『子供たちにとっての本当の教科書とは何か』 ★学習探偵団の挑戦★

生きているとは学んでいること、環覚と学体力を育てることの大切さ、「今様寺子屋」を実践、フォアグラ受験塾の弊害

発想の転換が可能性を開く32

2018年09月29日 | 学ぶ

 カウントダウンが始まりました。団開設時の思いが詰まっている文章が出てきました。四半世紀前と、ぼくの思いがまったく変わっていないことと世間の変容とのギャップに驚きました。
 そのまま掲載します。何よりも子どもたちの教育に正面から、そして心から向かおうとしている若い先生たちに。

恩師への手紙
  学習探偵団の手作りパンフレット、裏表紙の「手紙」です。タイトルは後で付けたものですが、内容は送った当時のままです。

   1995年11月11日

学習に王道あり

 謹啓 つい先日まで、年甲斐もなくTシャツで突っ張っていたのですが、いつの間にかトレーナーになり、早いもので、子どもたちに星空を見せてあげたい季節が参りました。
お元気のことと存じます。
  先の同窓会では、せっかくお越しいただきましたのに、旧友との話で盛り上がり、ゆっくりお話をお聞きすることができませんでした。申し訳なく、また残念に思っております。次回の幹事は僕らしいので、今度こそゆっくりお話しさせていただきたいと、今から楽しみにしております。
  さて、ご挨拶が遅くなりましたが、先日ご理解をいただきました「教室」を別紙(注 同封した折り込みチラシ)のようにスタートさせていただきました。7月から軌道に乗るまで雑用に追われ、ご連絡が遅くなりましたこと、心よりお詫び申し上げます。
  何年か前からライフワークとして温めておりました企画で、教壇も事務所も看板もない十坪弱の空間ですが、団員諸君と僕の「夢」がいっぱい詰まっています。
 長い間第一線で活躍してこられた先生に臆面もなく申し上げるのは「一億年早い」としかられそうですが、何を教えられるのか、あるいは何を教えてもらうのか、これから厳しくも楽しい「戦いの日々」が続くと思います。冗談ではなく、「地球の後輩たち」を育てたいという意気込みで取り組んでみます。
  先生には今後もご教示いただかなければならないこと、ご無理を申し上げご迷惑をおかけすることも多々あるかと存じますが、ぜひよろしくお願い申し上げます。
  なお、同封の折り込み、「学習の王道」ということばは「学問に王道なし」といいますが、そんなことはない、「学習」には「王道」があるという、例の「へそ曲がり」です。
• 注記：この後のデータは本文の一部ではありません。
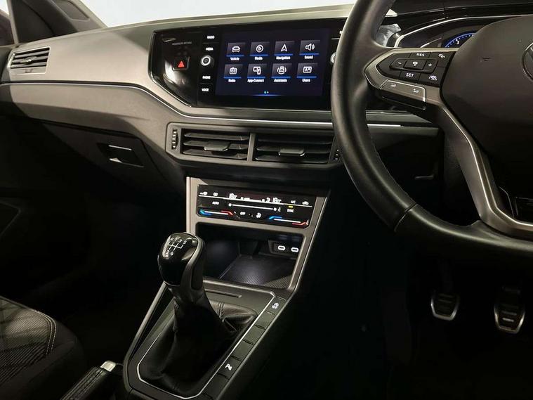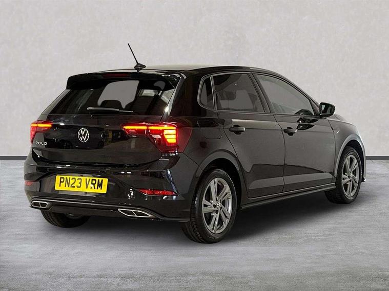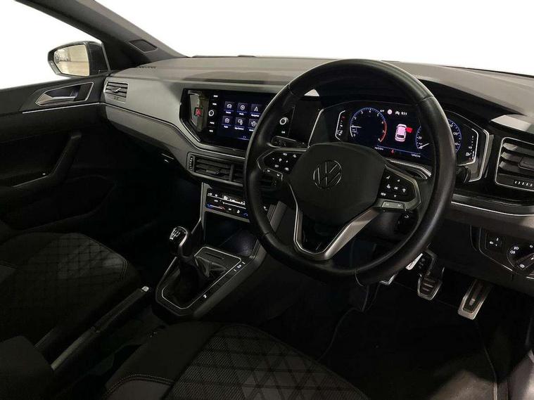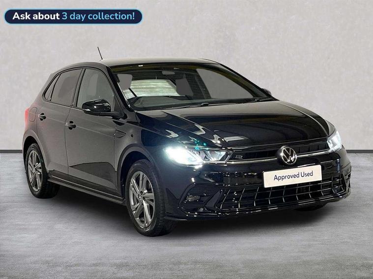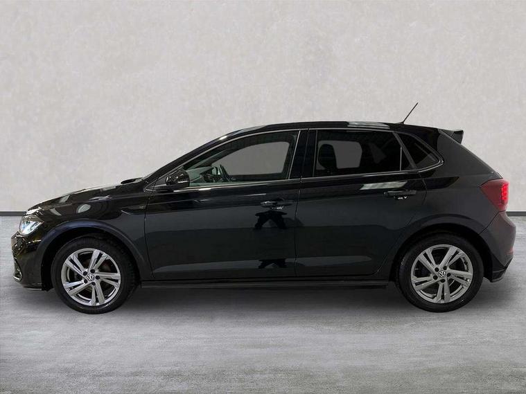Adaptive cruise control without follow-to-stop and speed limiter, Bluetooth mobile phone interface, Digital Cockpit Pro with 10.25" Display, Driver alert system, Dynamic road sign display, Emergency call service, Power assisted speed sensitive steering, Preparation for We connect and We connect plus, Speedo and rev counter, electronic odometer, trip, service interval display and fuel gauge, Standard rear axle, Travel Assist - Lane keeping system and traffic jam assist, Travel assist including emergency assist, Trip computer, Warning signal and warning light for front and rear seatbelts not fastened, Washer fluid level indicator, Wireless app connect, Front wheel drive, Rear shock absorpion, Start-stop system with battery regeneration (recuperation - energy recovery during braking), DAB Digital radio, Diversity antenna for FM reception, Front and rear 6 speakers, Body colour bumpers, Body colour door handles, Electric front windows, Front scuff plates with R-Line logo, Heat insulating darkened glass in side and rear windows, Heat insulating glass windscreen, Power folding adjustable/heated exterior mirrors and front passenger exterior mirror lowering function, Rear electric windows, Rear fog light, Rear side wing doors, Rear windscreen washer and wiper with interval delay, Third brake light, 12V power socket in centre console, 2 USB-C ports in the front, 2 USB-C charging sockets on the center console in the rear, 3 rear head restraints, 60/40 split folding rear seat and rear seat bench not split, Air care climatronic air conditoning system with active combination filter and 2-zone temperature control, Black roof lining, Chrome plated radiator grille inserts, air vent surrounds and light switch surrounds, Door and side trim panel, Driver and front passenger seat height adjustment, Driver/passenger sunvisors with illuminated vanity mirrors, Front + rear carpet mats in recycled material, Front centre armrest, Front footwell illumination, Front seat backrest storage pockets, Front sports comfort seats, Handbrake lever handle in leather, Headliner in recycled material, Isofix child seat preparation easy-fit (for two outer rear seats, and front passenger seat) compatible with I-size, Karoso artvelours cloth upholstery, Leather trimmed gear knob, LED interior light with switch off delay and dimmer, 2 reading lights front and rear, Luggage compartment cover, Luggage compartment floor, Luggage compartment lighting, Lumbar adjustment for front seats, Multifunction steering wheel, Single front passenger seat, Stainless steel pedals, Standard pedal cluster, Light and sight pack - Polo R-Line/Black Edition, 3 point height adj front seatbelts + pretensioners, 3x3 point rear seatbelts, ABS, Driver and front passenger airbag with front passenger airbag deactivation, Drivers and front passengers safety optimised head restraints, ESC (Electronic stability control) + EDL (Electronic Differntial lock) and ASR (Traction control), Extended and predictive pedestrian/ cyclist protection, Front curtain and side airbags with center airbag, Hill hold control, Manual child lock in rear doors, Single tone horn, Tyre pressure loss indicator, Alarm with interior protection, Anti-theft alarm system with interior monitoring, backup horn, and towing protection, Anti-theft wheel bolts, Electronic engine immobiliser, Chrome applications on rotary light, mirror adjustment, window regulator switches, outlet with frame in black, Dark grey anodised matt decorative inserts in dash and front door panels, Low rolling resistance tyres,

ご了解いただければ幸甚です。
  最後になりましたが、時節柄、健康にはご留意いただきますよう、またご多幸をお祈り申し上げております。
                                                                          

敬具

「指導の王道」
  「学習」の「王道」。手紙でこのことばを使ったとき、それほど明確な方法を意識していたわけではありません。
 しかし、準備期間の間にあちこちから入ってきた他大手塾の方法、年末になったら学校を休ませ、「缶詰」にして毎日「受験に関わる断片的知識とテクニック」をつめこみ、実施したプレテストでの類似問題が本番で出てくると、まるで鬼の首でも取ったように吹聴し、選抜テストで能力の高い子ばかり集めたクラスでの難関校合格の実績を誇る等という、中学受験業界の「しくみ」がある程度つかめてくると、「そういった方法からは最も遠いところにある」と確信がもてました。      
  「類似問題」を正答して合格した受験生は、「ただ合格しただけ」です。合格したらいいのか。「合格しないよりはしたほうがいい」というレベルの話でいいのか。それで終わるのか。
 受験業界だけではなく、保護者を含め、もっともっと大きな視点と将来を見据えた取り組みがあってもいいのではないか。ぼくたちが育てているのは受験生ではありません。人間です

 現在多くの塾が実施しているような方針で「受験指導」を行い、「処理能力の速さ」と「妙な優越感」ばかりが身についた子どもたち、合格したはよいが、どういう大人になるのか。推して知るべしではないか。「誇った合格人数」の合格後・成人後のリサーチをして、「それでもなお誇れる人数」をぜひ知りたいと考えるのは、ぼくひとりでしょうか
 「高い能力」だけを身につけ、「自分のことだけしか考えない」人が、社会や多くの人にとって、いかに迷惑千万なのかは、日々のマスコミ報道でよくわかるはずです。もっと真剣に子育ての問題点を整理し、検討を重ねなければならないのではないか。そう思います。
  ぼくたちが子どもの頃、学習に限らず、指導という指導はおたがいに「血の通い合うもの」だったような気がします。中学時代、理科でお世話になった上島先生は、休日を返上して二上山に案内し、サヌカイトや山の成り立ち、様々な植物について話してくれました。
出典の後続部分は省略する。